I spent a few years designing and partially building a library used for the validation of front office models at a financial institution, and I thought it might be a good idea to write down what I learned during that time. It was my first ever big project and happened to some degree by accident, building something that I just thought was neat turned into a modest project with its own team. But before we get to all that, let’s first talk briefly about what model validation is.

What is Model Validation?

Whenever you trade financial instruments you end up with one half of a trade. You sold an option, so you hold onto a responsibility to fulfill your end of the option deal. If you buy a forward, you hold that forward until you either sell it or it matures. These holdings are important because at the end of the day someone may ask what all these things are worth. You may want to know what they are worth for many reasons, like, how much money do we expect to make on them? But a very common reason is “if we had to sell (or close out) it all right now, and have no holdings, what’s a fair price that we could ask for that people are willing to pay?”. This “fair value” is an important principle. It often ends up in the financial statements of the organization and it can be quite problematic when it is wrong.

So how do we get those fair values? Sometimes, it’s simple. If you own some publicly traded stock, just take the end of day price of that stock and multiply it with how much stock that you own. Other times, it’s really hard. You have some equity in a private startup that writes its financial statements on a napkin? Well, you’ll probably want a team of analysts and have them spend some time looking at just that company to understand how much that equity is worth to someone else. There is a middle ground too (which was our focus); a set of securities and derivatives for which the price can’t just be read off a website, but that don’t need a dedicated team of analysts. A simple example is an over-the-counter (OTC) forward with a custom expiry. Let’s say you have a client that wants to buy salmon futures like the ones on Fishpool, which normally expire at the start of every month. However, they would like to have it expire at the end of the month instead, let’s say that’s in 2.5 months time. “No problem” you say. Since you know the 2 month salmon futures price, and the 3 month price, the 2.5 month price should probably be somewhere in between those two. So you draw a line between those two prices and take the price half way, add your fee or spread, and give your client an offer. At the end of the day your boss comes over and asks hey, how are we going to put these into our end of day book? “well, just draw a line between these two points every day, take the halfway point, and use that” you say, and there we have our model.

Of course it doesn’t really look exactly like this, where both the trading decisions and the modelling can get a lot more complicated.

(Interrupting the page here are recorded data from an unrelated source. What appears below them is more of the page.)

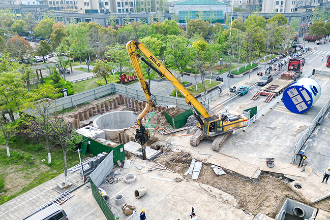 滨海县城学前路积水点改造现场
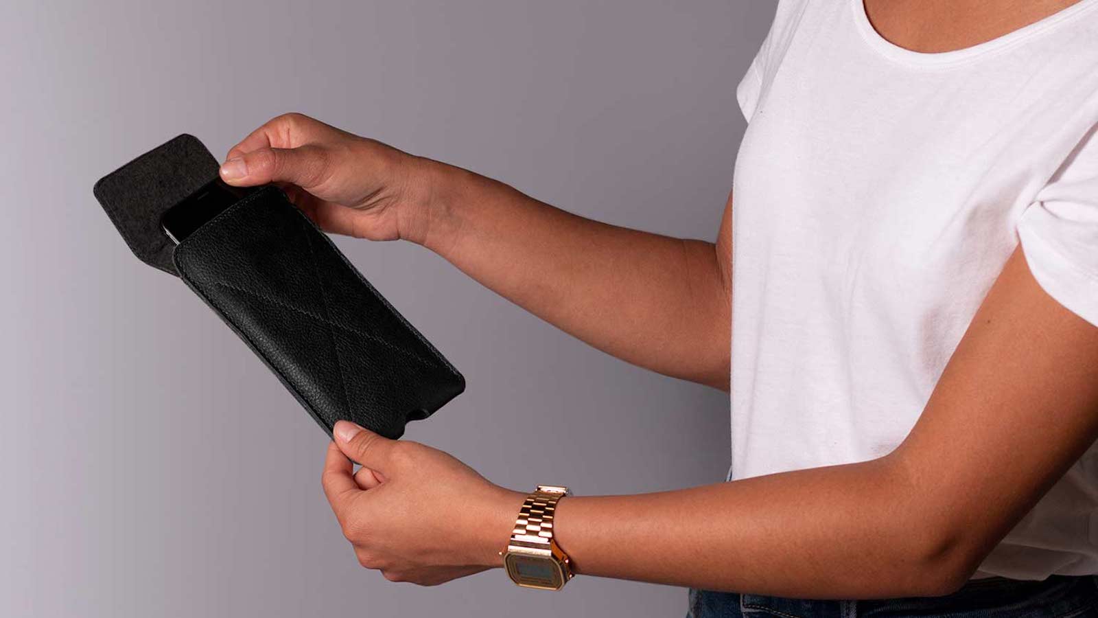 This material also forms a unique patina over time while the internal wool felt protects your phone screen.
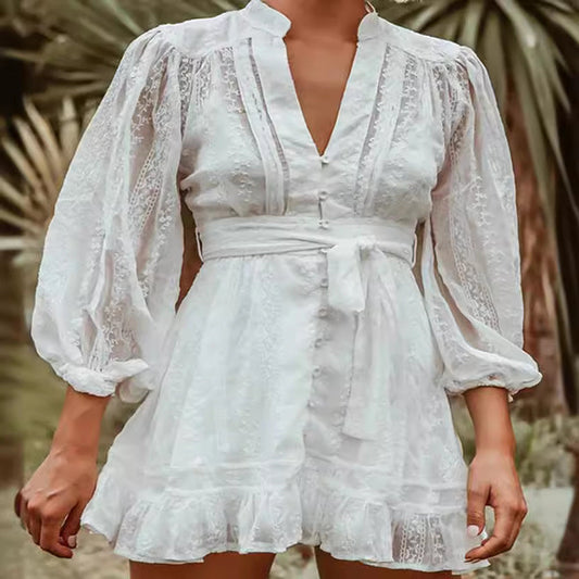 Women's short dress – Long balloon sleeves – Tied waist – Breathable flowing fabric
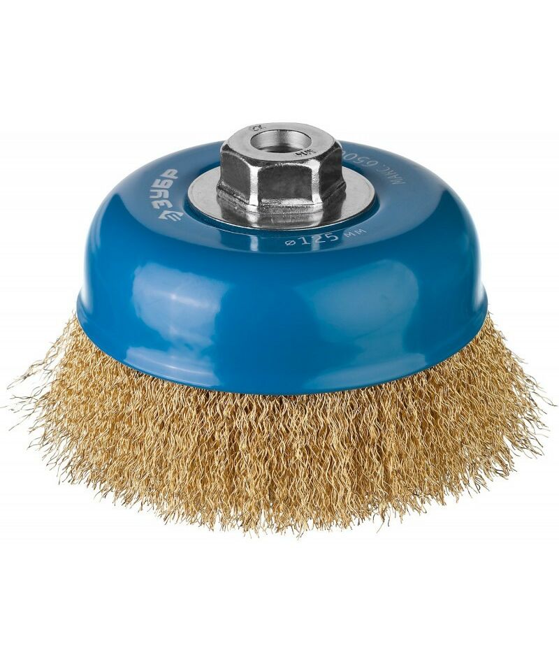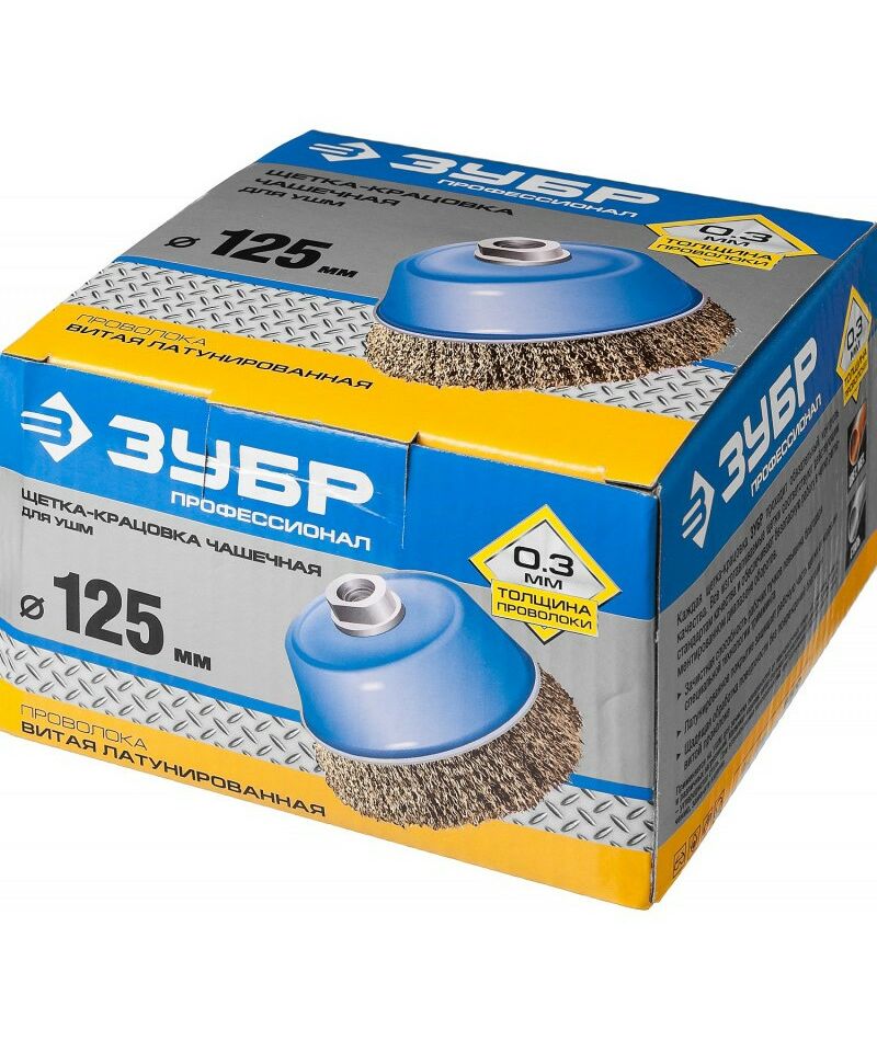 Щетка чашечная Зубр Профессионал 125 мм витая латунированная стальная проволока, 0.3 мм [3526-125]
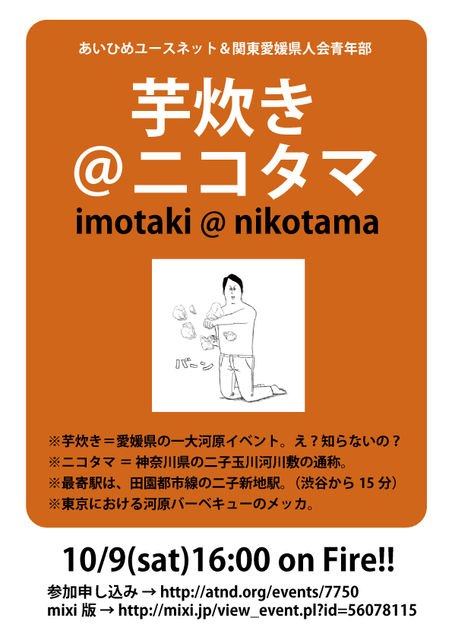 二子玉川の河川敷で、芋炊きやるよ。 あーつまれ〜 愛媛県出身者、大歓迎。 愛媛県が好き、大歓迎。 郷土料理好き、大歓迎。 ↓mixi登録者以外の方用に、ATNDでも募集しちょります http://atnd.org/events/7750 ----- 現在、参加者が30名弱になってます! 楽しみ〜〜〜!!! さて、会場までの地図ですが、こちらを参照↓ http://www.google.co.jp/maps/ms?ie=UTF8&hl=ja&msa=0&msid=100704343605628401033.000491eb4ae5bc2d7d2d1&ll=35.608119,139.624075&spn=0.003275,0.006775&z=18&brcurrent=3,0x34674e0fd77f192f:0xf54275
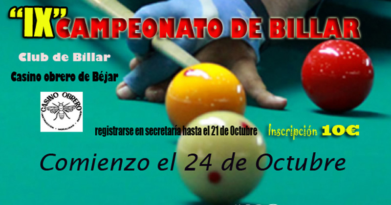 El Club de Ajedrez y Billar Casino Obrero de Béjar organiza el IX Torneo de Billar en la modalidad de Carambola a doble KO
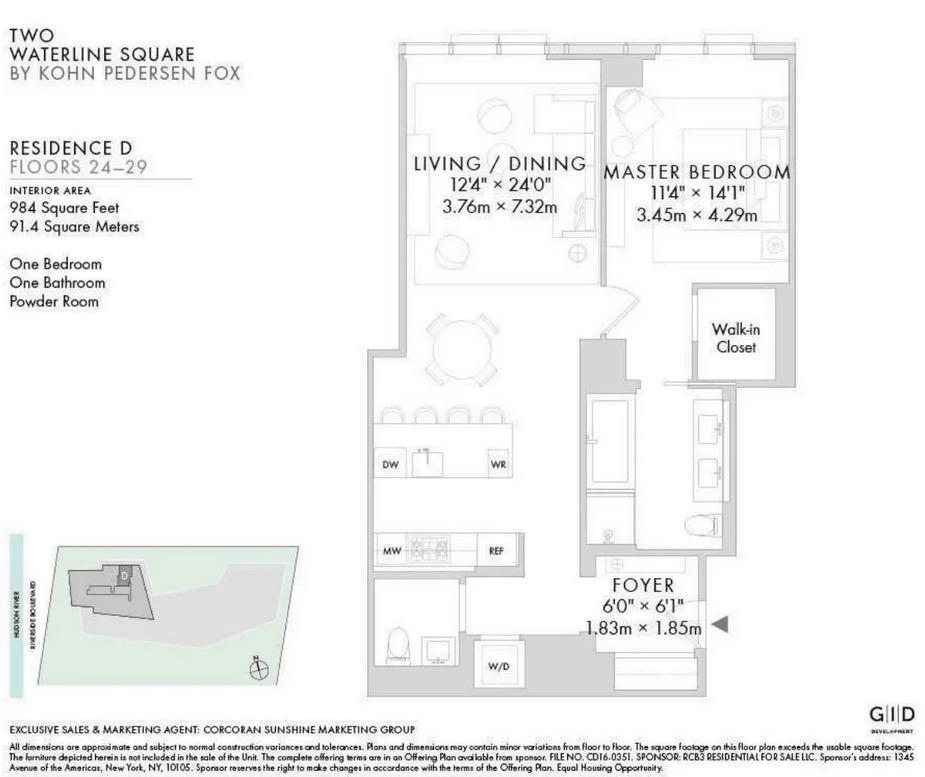20 Year 421A Tax Abatement Through 2039Residence 29D at Two Waterline Square is a remarkable one bedroom, one and a half bath home that defines modern luxury living.
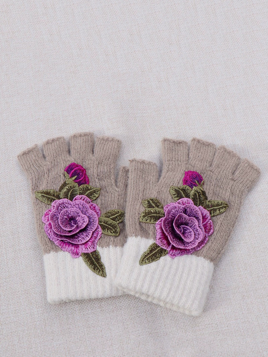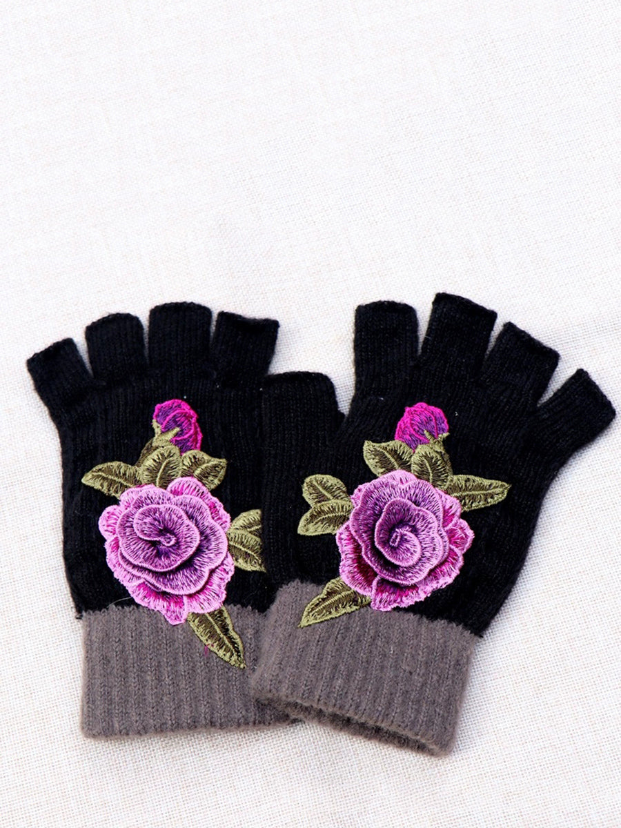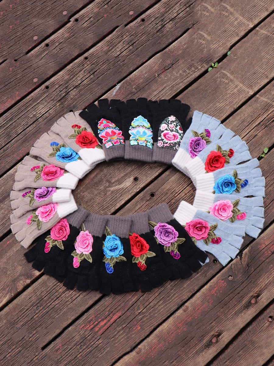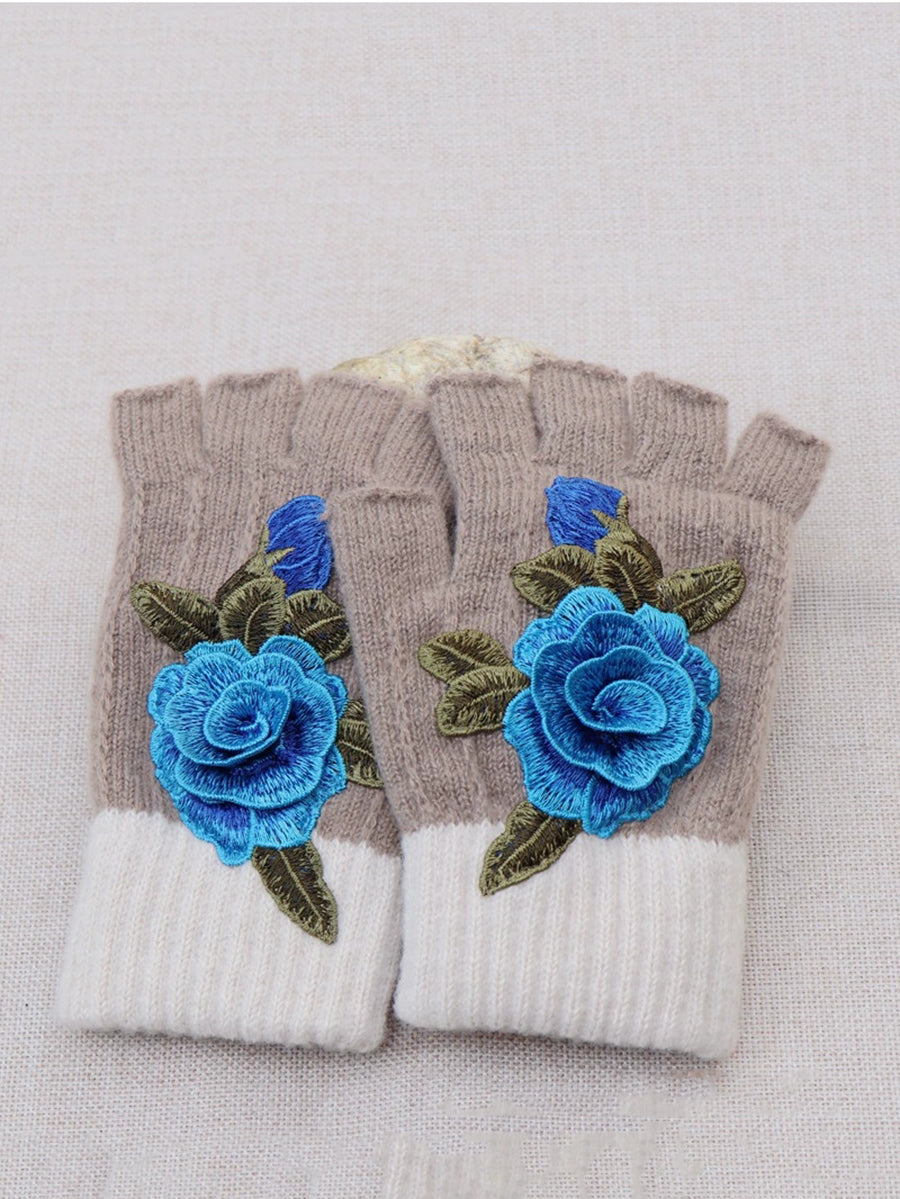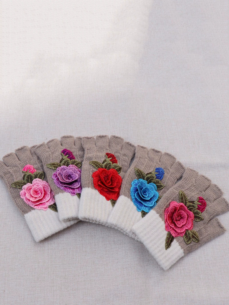 Vinterkunstneriske blomsterbroderi-splejsede handsker

Definitely no-one is drawing lines in sharpie on their Bloomberg terminal (I hope). We do it with code, and indeed, that modelling can get so complicated that it can make people uneasy; dozens of numbers go in, one comes out, how can we know it makes any sense? If you have a whole bunch of asset classes and a dozen models for each, keeping track of it all can be quite daunting. Usually, each model will have a significant amount of documentation that needs to go through review and approval before it can be used, but even then, how can you be sure that the code does what the paper says it does? What if you cant even read the code, because the software you use was sold to you by a company that really doesn’t want to show you that code? For this, you need ~~open source trading and accounting software~~ model validation.

There are a few different ways you can do model validation. You can read the model documentation, ponder it a bit, maybe even look at one or two actual trades in the system, and then write up a big document of what you think of it. This covers some bases but not all of them. Another method that we settled on is to take the entire book of trades, attempt to value them ourselves, and then compare those valuations to whatever the trading system spits out. You could do all of this in excel (and indeed, sometimes we did) but there are open source libraries that can help. We ended up using QuantLib and the Open Source Risk Engine (ORE), the latter of which is kindof a library extension of QuantLib, but we ended up using it as an executable that you’d feed XML’s of data into and get valuations out of.

What’s a model validation library?

So you could write up some scripts to pull together some data and feed that into a bunch of XMLs, but quickly we found that there’s both a lot of repetition and a lot of special cases. So, we wanted both some reusable components (like yield curves, instruments, volatility surfaces and the like) but still having the ability to modify and compose them to deal with unexpected complexity. What we wanted was a library!

In retrospect, whether building a library was a good idea vs some alternative is not something I am completely confident about. There are upsides and downsides as with all things, but by talking about them perhaps others and even myself in future can use the information.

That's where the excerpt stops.